On the pedagogical side, I'm covering a few weird and interesting areas with Categorical columns in pandas, namely - working with missing values and categoricals, and grouping on categoricals. Categoricals can be very helpful, but that comes at a price of having to pay a somewhat careful attention when using them.

Get the data

We get the data straight from MOT's ftp. Just so I don't repeat the last post, this went out to a separate module.

In [6]:
from gtfs_utils import *
LOCAL_ZIP_PATH = 'data/sample/gtfs_181218.zip' 

conn = ftp_connect()
ftp_dir = get_ftp_dir(conn)
UPTODATE = 90 #days
our_uptodateness = get_uptodateness(ftp_dir, local_zip_path=LOCAL_ZIP_PATH)
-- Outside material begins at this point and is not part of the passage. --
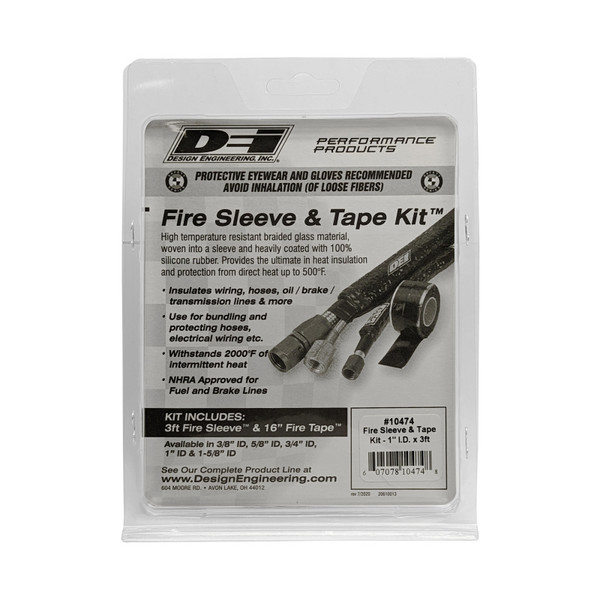 Fire Sleeve solves the problem of heat and abrasions damaging fuel, transmission and brake lines and is a fireproof solution. Constructed from a high temperature resistant braided glass material, woven into a sleeve and heavily coated with 100% iron oxide silicone rubber, Fire Sleeve thermal insulator sleeve provides the ultimate in heat insulation and protection from direct heat up to 500°F. Includes a 16-inch length of black Fire Tape, an adhesive-free, self-adhering tape, to finish off ends of Fire Sleeve or when joining two Fire Sleeves together while presenting a clean and professional look. Insulates wiring, hoses, oil / brakes / transmission lines & more Use for bundling & protecting hoses, electrical wiring, etc. Withstands 2000°F of intermittent heat Includes 16 inches of black Fire Tape Size: 1 inch x 36 inches Fitment Chart AN Conversion Chart AN Size Metal Tube O.D. Thread Size 2 1/8 in. 5/16 24 SAE 3 3/16 in. 3/8 24 SAE 4 1/4 in. 7/16 20 SAE 5 5/16 in. 3/8 18 SAE 6 3/8 in. 9/16 18 SAE 8 1/2 in. 3/4 16 SAE 10 5/8 in. 7/8 14 SAE 12 3/4 in. 1-1/16 12 SAE 16 1 in. 1-5/16 12 SAE 20 1-1/4 in. 1-5/8 12 SAE 24 1-1/2 in. 1-7/8 12 SAE 28 1-3/4 in. 2-1/4 12 SAE 32 2 in. 2-1/2 12 SAE Fire Sleeve Application Chart Part# Name Line Size* 10470 3/8 in. Fire Sleeve 3AN4AN6AN** 10472 5/8 in. Fire Sleeve 6AN8AN 10474 1 in. Fire Sleeve 10AN12AN16AN**5/8 in. Heater Hose3/4 in. Heater Hose *Braided Kevlar line was used in testing. You may notice a slight difference in size if you have Braided Stainless Steel lines. **Tight fit: If you have fittings on your line, you may need to order one size up. You can achieve between 1/16 in. and 1/8 in. stretch out of our material. This may help on installs with fittings already on the lines.

if our_uptodateness > UPTODATE:
    get_ftp_file(conn)
    get_ftp_file(conn, file_name = 'Tariff.zip', local_zip_path = 'data/sample/tariff.zip' )

conn.quit()
Out[6]:
'221 Goodbye.'

We load MOT's tarrif.txt file, which will give us zone names and other local info

In [7]:
tariff_df = extract_tariff_df(local_zip_path = 'data/sample/tariff.zip')
tariff_df.head()
Out[7]:
ShareCode zone_name zone_id Daily Weekly Monthly FromDate ToDate
0 141 גוש דן 210 13.5 64.0 213.0 01/04/2016 00:00:00 01/01/2200 00:00:00
10 152 שרון 221 13.5 57.5 149.0 01/04/2016 00:00:00 01/01/2200 00:00:00
11 153 ראש העין שוהם 222 13.5 57.5 149.0 01/04/2016 00:00:00 01/01/2200 00:00:00
12 154 רחובות 223 13.5 57.5 149.0 01/04/2016 00:00:00 01/01/2200 00:00:00
13 155 נתניה 231 13.5 57.5 149.0 01/04/2016 00:00:00 01/01/2200 00:00:00

Tidy it up

Again I'm using partridge for filtering on dates, and then some tidying up and transformations.

In [8]:
import partridge as ptg

service_ids_by_date = ptg.read_service_ids_by_date(LOCAL_ZIP_PATH)
service_ids = service_ids_by_date[datetime.date(2017, 12, 21)]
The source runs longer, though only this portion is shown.